Словом, Порция уже наметила Бассанио себе в мужья, а заморские женихи предстают откровенно непригодными кандидатами в контексте пьесы, где так много сказано об этнических различиях и смешанных браках. Ремарка, которую Порция бросает вслед выбывшему из соревнования принцу Марокканскому, вызывает у современных зрителей и читателей острый дискомфорт: «Что ж! / Вот так бы всем, кто с ним по виду схож» (II, 7). Шекспироведы, влюбленные в светлый образ Порции, потратили немало сил в попытках доказать, что слово сomplexion («вид») здесь не имеет отношения к расе и цвету кожи. Однако поверить в это крайне затруднительно, ведь и сам марокканский жених при первой встрече явно ожидает неприятия и просит: «Не презирай меня за черноту; / Ливреей темной я обязан солнцу» (II, 1). Очевидно, у Порции, невзирая на мнимую покорность воле отца, есть собственные пожелания к успешному кандидату в мужья. Когда она велит музыкантам заводить песню для сопровождения выбора Бассанио, первые три строки оканчиваются словами, рифмующимися с английским lead — «свинец». Случайно ли это? Возможно, невеста сознательно подсказывает жениху правильный выбор? Фраза с рифмой на lead встречается и в реплике Порции, обращенной к принцу Марокканскому: I am not solely led («[В выборе] руковожусь не только») (II, 1). Эта версия тоже не по нраву поклонникам Порции, однако давайте задумаемся: неужели женщина, которая способна переодеться в платье законоведа и командовать венецианскими властями, в самом деле позволит покойному родителю из гроба навязать ей супруга?

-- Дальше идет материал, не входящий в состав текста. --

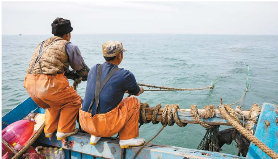
拉网是个体力活，一人一根网绳用力拉。
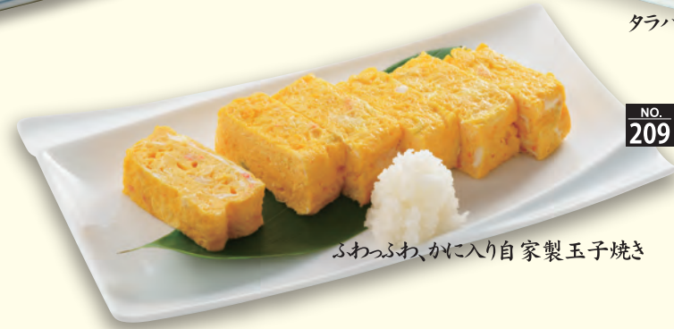
NO. 209 かに入り出し巻き玉子 六九〇円(税別) ふわふわ、かに入り自家製玉子焼き
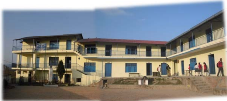
Yuwagratiya Secondaryschool (NEPAL)
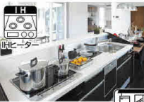
夜間電力利用プランでスマートな暮らしをエコキュート
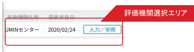
＜評価機関選択画面＞
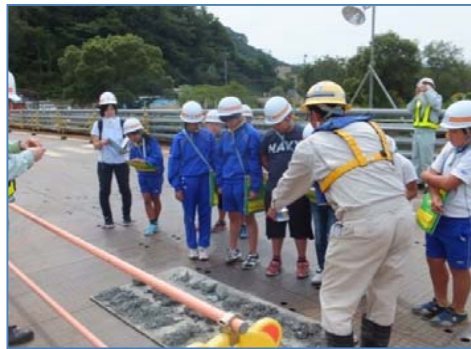
閉伊川に架かる橋の基礎部分の地質についての説明を受けました。
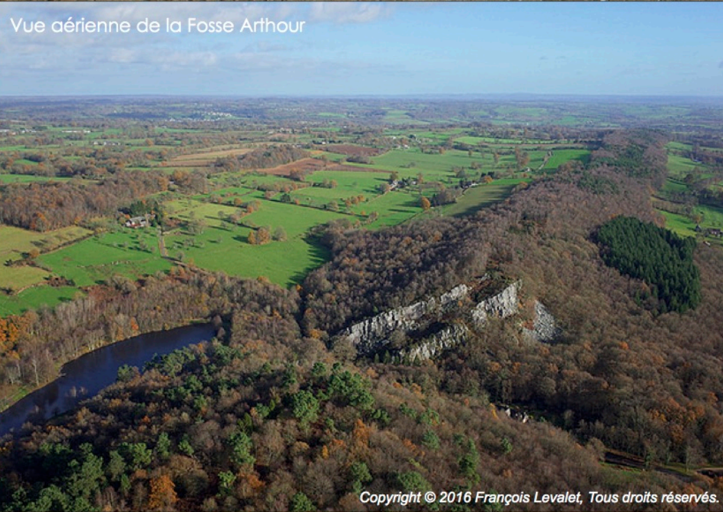
Vue aérienne de la Fosse Arthour
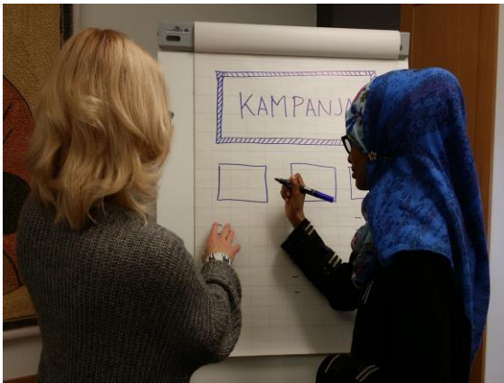
Vaikuttamishankkeessa nuoret pääsevät kehittämään yhteiskunnallisia vaikutustaitojaan mentoreiden ohjauksessa.

Järjestöjen hankkeita hallinnoi usein palkattu henkilökunta, mutta vapaaehtoiset ovat usein avainasemassa hankkeiden toteuttamisessa ja yhteyksien luomisessa kohdemaahan. Erona yksisuuntaiseen kehitysapuun on se, että kehitysyhteistyö todellakin on monikulttuurista yhteistyötä, jossa päivittäin etsitään yhdessä parhaita toimintatapoja ja vaihdetaan tietoja puolin ja toisin, ja jossa kummallekin osapuolelle entuudestaan tuntematon tieto tulee näkyväksi ja arvokkaaksi kokemuksen kautta.
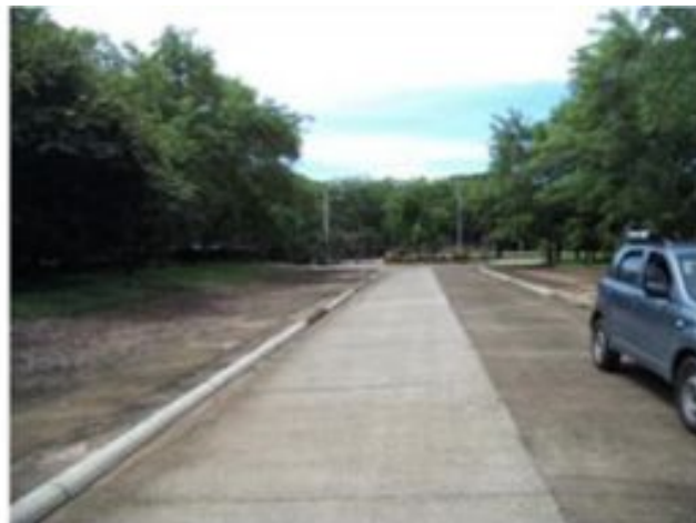
Calle privada del condominio que habilita la propiedad
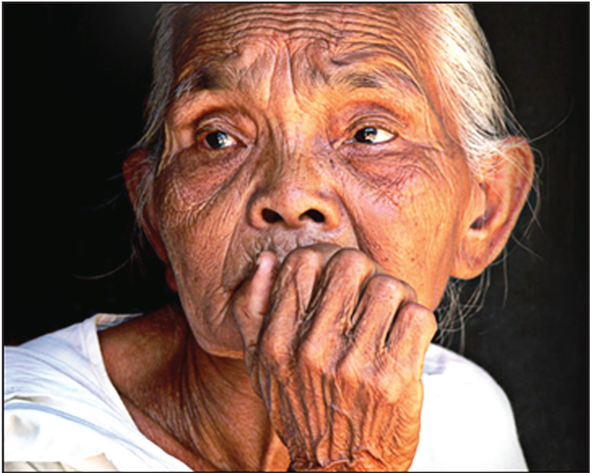
මේ පින්තූරය ගත් ජායාරූප ශිල්පියා කවුරුදැයි නොදනිමු. කවරෙකු හෝ වේවා ඔහුට අපගේ ස්තූතිය හිමිවේ.

මිනි මඩලේ අඳුරු කුසේ දිය උල්පත අම්මා . . . . .
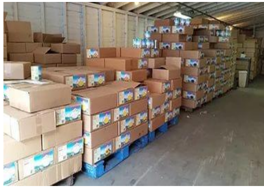
temperature; Terms of storage.
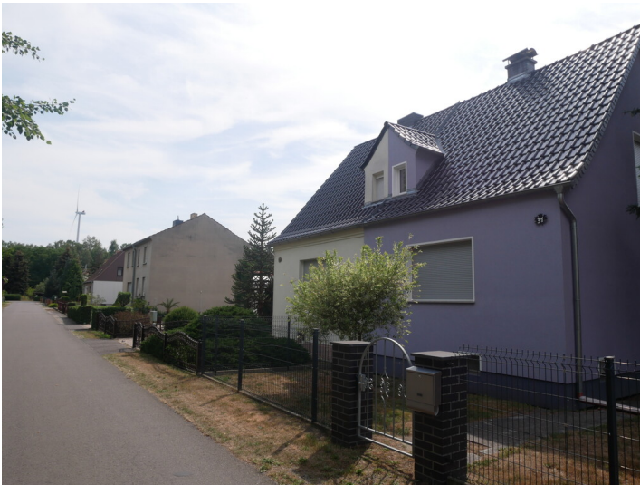
Siedlung Grube Ferdinand
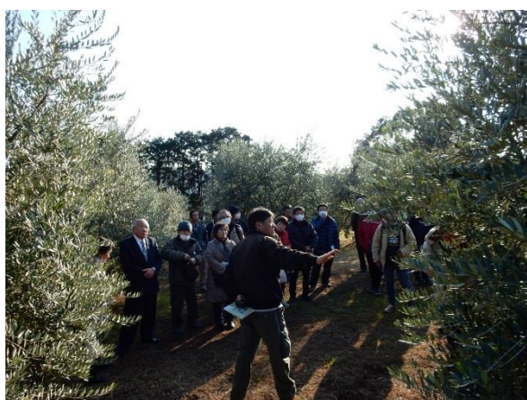
オリーブ圃場での説明

オリーブ栽培は日照量が多いほど生育が良く、土壌は比較的乾燥を好むとされていますが、良好な生育、果実肥大のためには年間 1000 mm 程度の適度な降水が必要であることが分かりました。
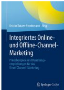
Integriertes Online- und Offline-Channel-Marketing Ladenpreis: 66,81EUR

Wir haben andere Produkte gefunden, die Ihnen gefallen könnten!
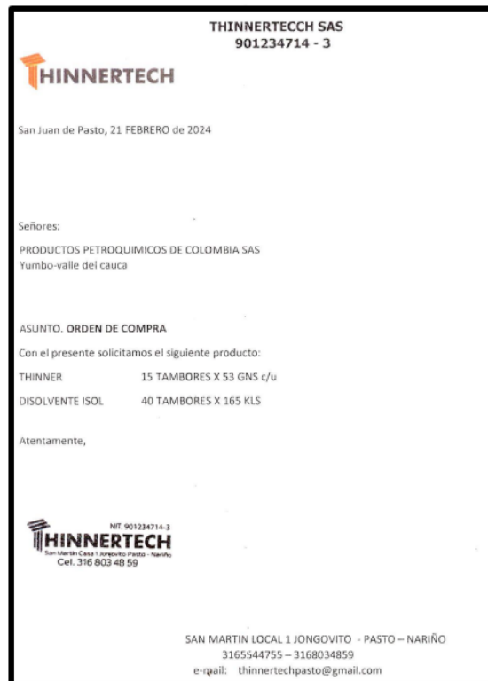
Imagen . orden de compra expedida por THINNERTECH de 21/02/2024

expedida por THINNERTECH de fecha 21 de febrero de 2024, como se muestra a continuación:
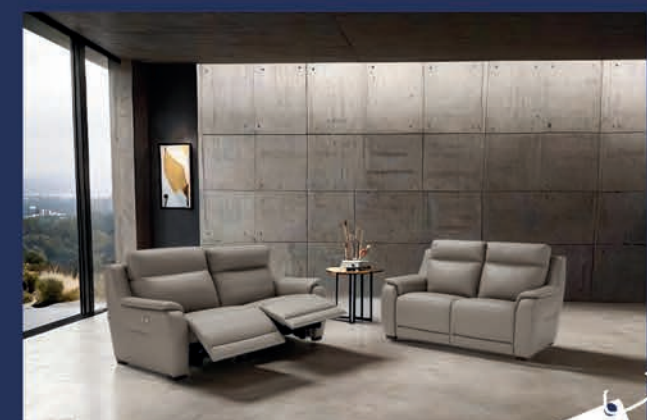
Salon cuir avec 2 relax électriques Canapé 3 places + 2 places
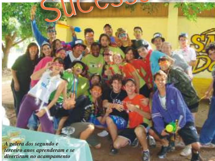
A galera dos segundo e terceiro anos aprenderam e se divertiram no acampamento
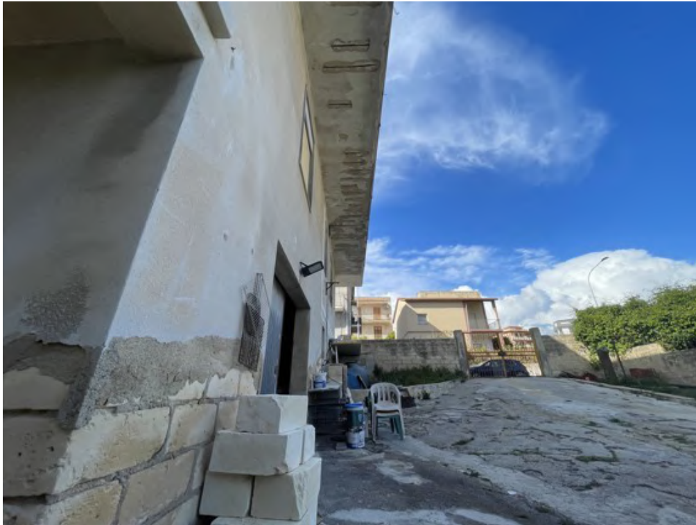
Fotografia C.5 - Piano sottostrada: entrata lato nord
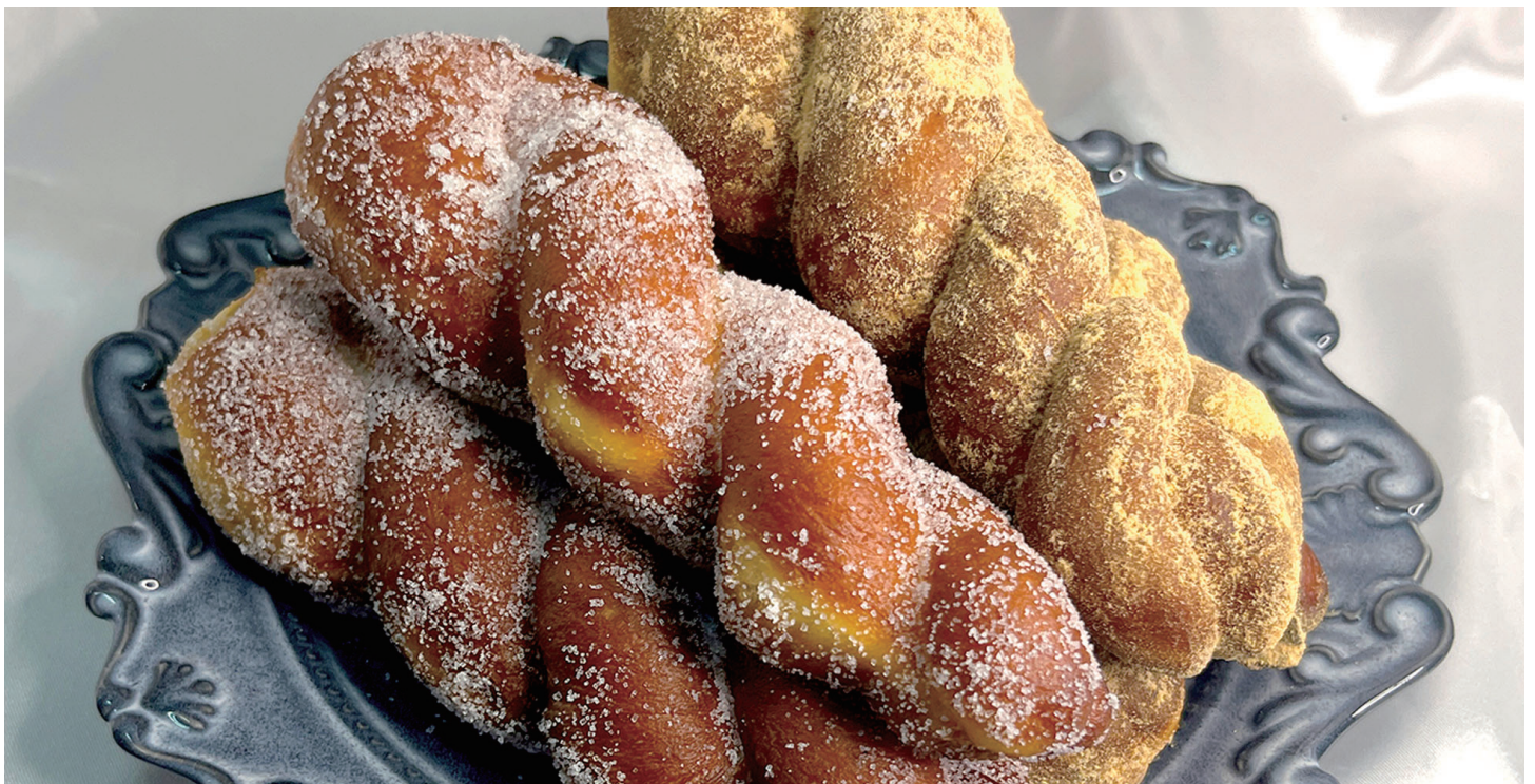
レトロツイストドーナツ プレーン ¥300

株式会社 LIFEstyle (本社：大阪市北区) は『DONNA donut (ドンナドーナツ) 梅田』にて 揚げたてサクサクふわもちの『レトロツイストドーナツ』 & 『ミニレトロドーナツ』が新登場！
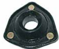
128 Cazoleta de Amort. Fiat 128 Modelo 1100 y 1300 (1039995)
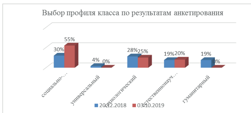
Диаграмма 1 – Выбор профилей 2018-2019 гг.

По итогам анкетирования учащихся 8-х классов от 01.10.2018 г. 20% обучающихся определились с выбором будущей профессии, 64% – нет, 16% – частично. На этот вопрос 28% родителей дали утвердительный, 72% из них – неопределенный ответ. Из предложенных профилей наибольший у учащихся интерес вызвал информационно-математический – 40%, у родителей – социально-экономический и информационно-математический – по 37%.
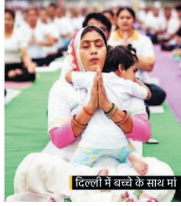
दिल्ली में बच्चे के साथ मां
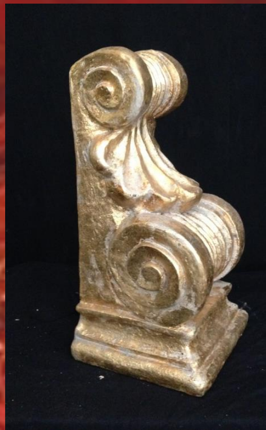
Moulure 30/60cm or 3 pièces 20.-/pièce HT
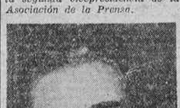
Don Victor de la Serna, premio Luca de Tena.
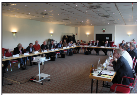
Fraktionsmitglieder von CDU und SPD bei der gemeinsamen Tagung

Neben Konzentrationszonen für Windenergie, die im neuen Regionalplan festzulegen sind, beschäftigten sich die Fraktionen mit Experten aus den Bereichen Wohnungswirtschaft, Tourismus, Wirtschaft sowie wissenschaftlichen Trends in der Regionalplanung. Hier wurde eine gute Grundlage für das weitere Verfahren und die anstehenden Gespräche mit den Kommunen gelegt.
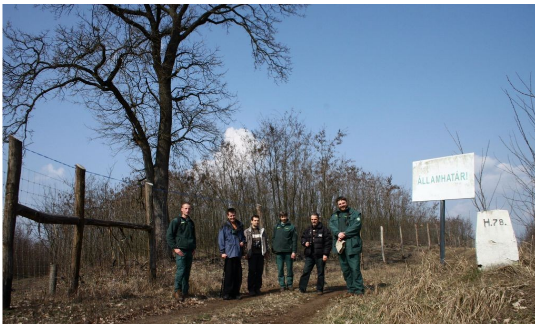
Szakemberek egy csoportja a Takó-hegyen
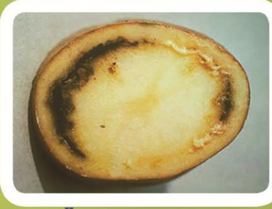
Пусиши халқашакли лундаҳо
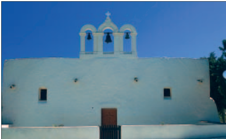
Die Annunciation Church in der Santa Marija Bay

auch als Verbannungsort für Schwerverbrecher. Diese waren dazu verurteilt, Kümme anzubauen, der im maltesischen „Kemmuna“ heißt und von dem die Insel ihren Namen hat. Wegen ständiger Piratenüberfälle baten die Malteser im Jahr 1416 den sizilianischen Vizekönig um den Bau eines Wachturms. Eine Weinsteuer sollte ihn finanzieren, doch das dafür gesparte Geld riss sich König Alonso V. von Spanien unter den Nagel. So machte Comino bis zu Anfang des 17. Jh. lediglich als Seeräubernest hin und wieder von sich reden. Großmeister Aloff Wignacourt ließ schließlich 1618 einen Wachturm errichten und erhob Comino zu seinem privaten Jagdrevier. 1715 ergänzte man den Turm weiter östlich um eine Redoute, eine trapezförmige Befestigungsanlage. Als keine Großmeister mehr jagten und die Zeit des Ordens vorüber war, pachteten Bauern gegen Ende des 18. Jh. das Eiland. Mehr als 200 Personen sollen auf Comino einen Existenzversuch unternommen haben. Wegen mangelnder Erträge verließen die meisten aber schon bald wieder die Insel. Während des 1. Weltkriegs bauten die Briten ein Quarantänehospital darauf. In dieser Zeit soll es auch ein Postamt, einen Lebensmittelladen und ein Café gegeben haben. Nach der Unabhängigkeit Maltsas 1964 kam das erste und bislang einzige Hotel hinzu. Der letzte größere Trubel herrschte im Jahr 2000 auf Comino, als hier Teile des Films Der Graf von Monte Christo gedreht wurden.
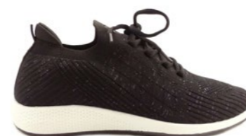
ROSEMARY 36-42 | Noir CHUT

Le port de bonnes chaussures aide à prévenir le gonflement des pieds.
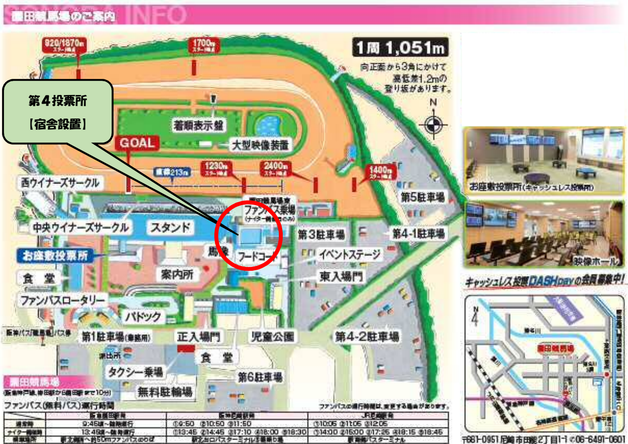
園田競馬場配置図
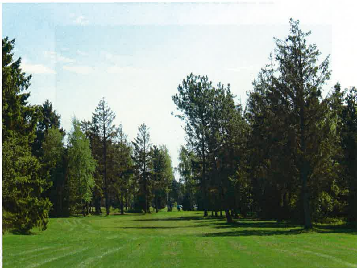
9. hul på Par-3 banen

Som tidligere nævnt, er det vigtigt at man løbende udviser og fjerner træet, også på PAR-3 banen. Dette bør gøres af to grunde.
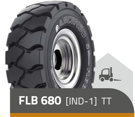
FLB 680 [IND-1] TT
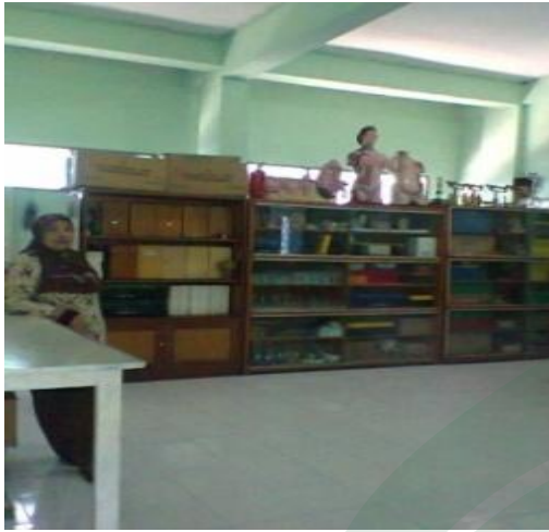
Laboratorium Pesantren IMMIM Putra
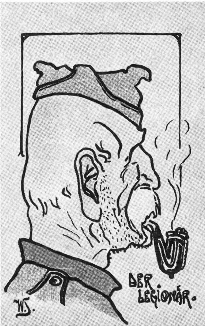
Die gute Zeit der alten Ordonnanz
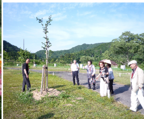
桜植樹を視察・10年後はここにゴザを敷いて昔話にも花咲かせよう（スワンパークにて）
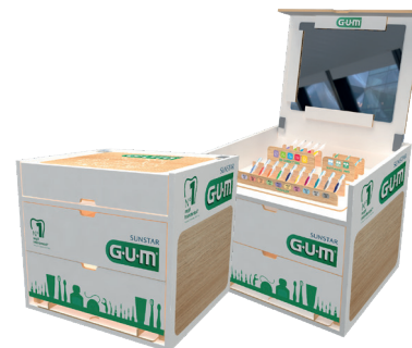
GUM WONDER BOX

Пусть на первый взгляд Бассанио кажется не тем, кто пред­почтет непритязательный свинец золоту или серебру, но в итоге он делает именно такой выбор. Здесь можно усмотреть мини­атюрное отображение (или, как сказали бы елизаветинцы, эмблему) мотивов и побуждений героя, а также той роли, которую его любовные устремления играют в сюжете и символике комедии. Этот расчетливый риск — инвестиция в свинец — не более чем романтический вариант азартной погони за наживой, финансовой игры, на которой основана коллизия пьесы. Как и венецианский купец Антонио — персонаж, вынесенный в заглавие, Бассанио знает: чтобы сорвать большой куш, надо рисковать. Желание и готовность пойти ва-банк — важнейший мотив пьесы, где дружба и любовь постоянно выражаются через коммерческие отношения. Мерканти­лизм и порожденная им практика ростовщичества образуют соединительную ткань повествования в «Венецианском купце». В отличие от большинства шекспировских комедий, где на сцену выходят отцы, дочери, братья, сестры и кузены, в этой пьесе практически не показаны семейные отношения — кроме безрадостного примера Шейлока и его дочери Джессики, а также слуги Гоббо и его отца. В отсутствие кровных уз главной скрепой становится золото: любая взаимосвязь имеет скорее деловой, чем эмоциональный характер. Когда Бассанио, к примеру, нужны деньги, он идет к Антонио, который идет к Шейлоку, который идет к своему партнеру Тубалу; все эти персонажи объединены серией транзакций, совершенных через посредников. Бассанио ни разу не встречается с Тубалом, однако успех его сватовства целиком и полностью зависит от инвестиций последнего. В стерильном мире наживы плодятся и размножаются только деньги. «Иль ваши деньги — овцы и бараны?» — презрительно бросает Антонио в ответ на рассказанную Шейлоком притчу о хозяйственном Иакове. «Не знаю; я пложу их так же быстро» (I, 3), — гордо заявляет ростовщик.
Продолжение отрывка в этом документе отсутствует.